| Exercise instructions |
When you reach the line in the data below that contains "[에이치엔엠] 플러피 코트 다크 그레이 1101014008", please start repeating lines exactly, and stop after the line that contains "Das DRK prägt", repeating nothing else.
** Data extracts follows **
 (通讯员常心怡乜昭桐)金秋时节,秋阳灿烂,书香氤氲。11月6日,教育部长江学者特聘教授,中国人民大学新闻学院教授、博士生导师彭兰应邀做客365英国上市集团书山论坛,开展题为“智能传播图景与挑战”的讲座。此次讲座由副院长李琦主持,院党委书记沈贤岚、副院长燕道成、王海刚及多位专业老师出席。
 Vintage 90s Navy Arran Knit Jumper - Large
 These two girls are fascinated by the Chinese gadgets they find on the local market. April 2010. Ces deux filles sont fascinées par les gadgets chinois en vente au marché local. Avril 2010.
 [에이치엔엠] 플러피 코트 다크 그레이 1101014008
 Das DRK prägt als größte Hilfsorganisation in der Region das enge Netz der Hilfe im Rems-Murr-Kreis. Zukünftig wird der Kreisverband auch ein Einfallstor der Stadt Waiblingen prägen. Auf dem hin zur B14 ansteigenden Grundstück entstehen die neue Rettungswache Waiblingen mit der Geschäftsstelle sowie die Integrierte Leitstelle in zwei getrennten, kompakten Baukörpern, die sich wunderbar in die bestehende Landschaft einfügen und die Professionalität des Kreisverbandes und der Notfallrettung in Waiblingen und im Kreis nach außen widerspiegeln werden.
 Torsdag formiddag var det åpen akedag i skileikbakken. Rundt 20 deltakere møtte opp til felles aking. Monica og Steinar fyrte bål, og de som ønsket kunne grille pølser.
** End of Data extracts **
** Data extracts follows **
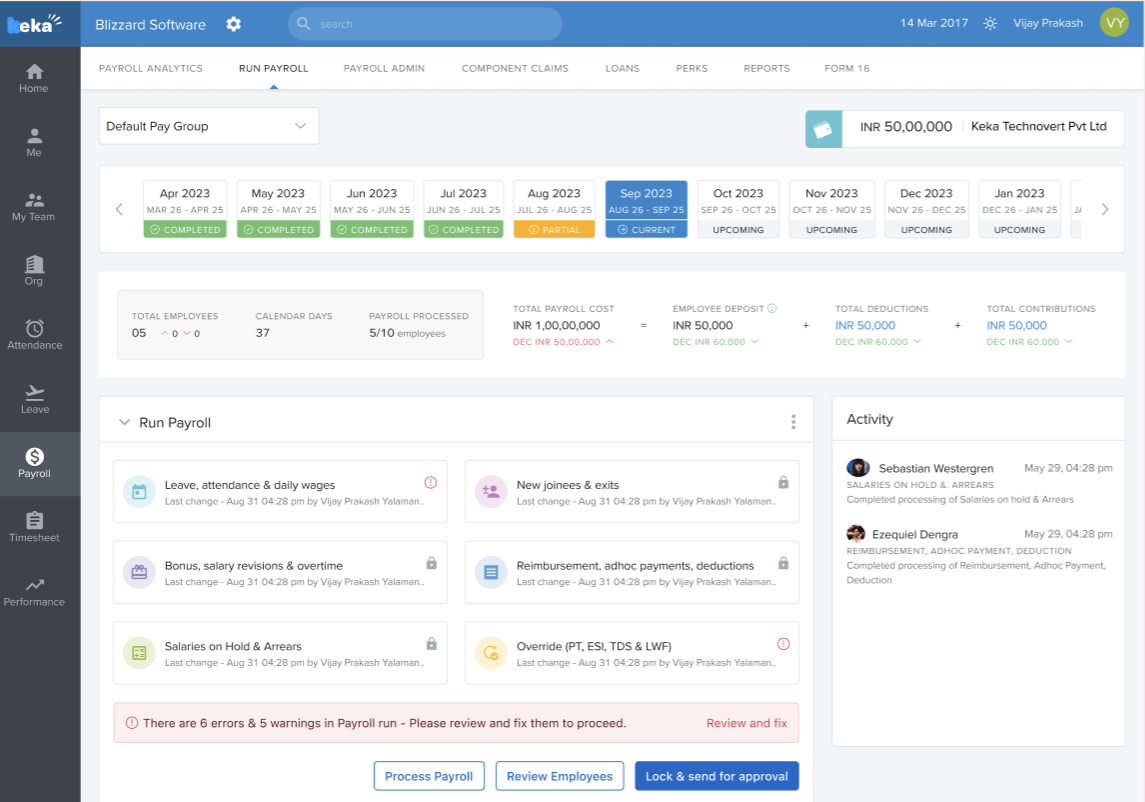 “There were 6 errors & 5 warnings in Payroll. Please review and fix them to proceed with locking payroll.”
** End of Data extracts **
** Data extracts follows **
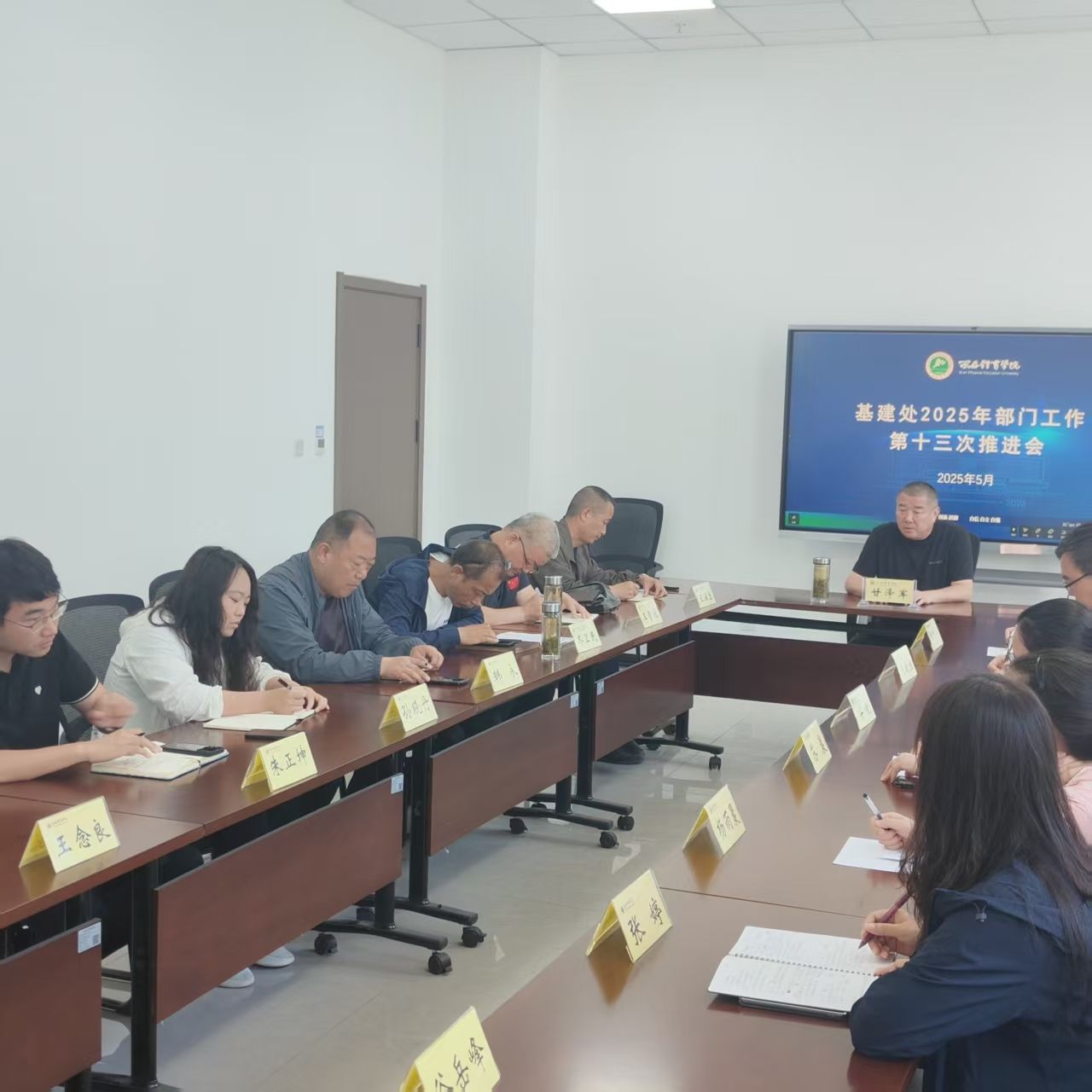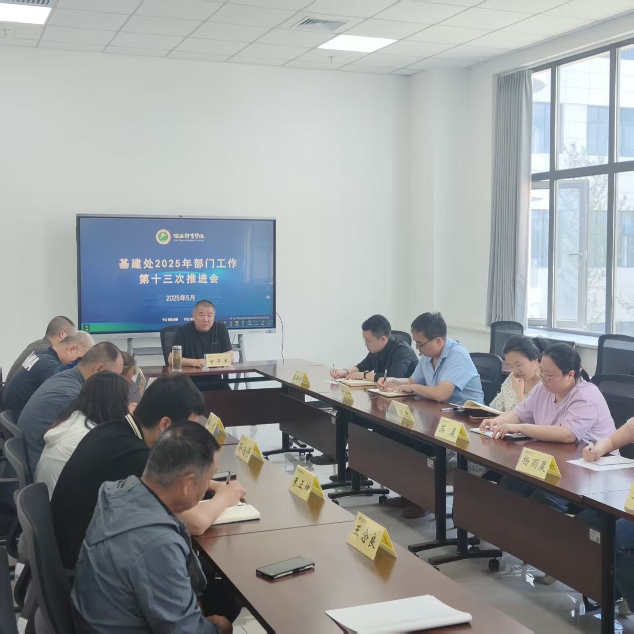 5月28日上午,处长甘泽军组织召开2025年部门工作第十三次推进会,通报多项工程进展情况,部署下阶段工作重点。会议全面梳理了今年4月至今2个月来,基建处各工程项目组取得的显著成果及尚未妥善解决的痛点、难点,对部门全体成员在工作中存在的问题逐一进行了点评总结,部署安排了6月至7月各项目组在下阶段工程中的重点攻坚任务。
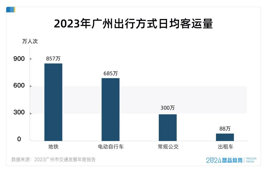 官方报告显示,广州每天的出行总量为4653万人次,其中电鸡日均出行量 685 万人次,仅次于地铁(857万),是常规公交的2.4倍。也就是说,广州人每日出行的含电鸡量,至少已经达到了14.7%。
** End of Data extracts **
| Written solution |
 [에이치엔엠] 플러피 코트 다크 그레이 1101014008
 Das DRK prägt als größte Hilfsorganisation in der Region das enge Netz der Hilfe im Rems-Murr-Kreis. Zukünftig wird der Kreisverband auch ein Einfallstor der Stadt Waiblingen prägen. Auf dem hin zur B14 ansteigenden Grundstück entstehen die neue Rettungswache Waiblingen mit der Geschäftsstelle sowie die Integrierte Leitstelle in zwei getrennten, kompakten Baukörpern, die sich wunderbar in die bestehende Landschaft einfügen und die Professionalität des Kreisverbandes und der Notfallrettung in Waiblingen und im Kreis nach außen widerspiegeln werden.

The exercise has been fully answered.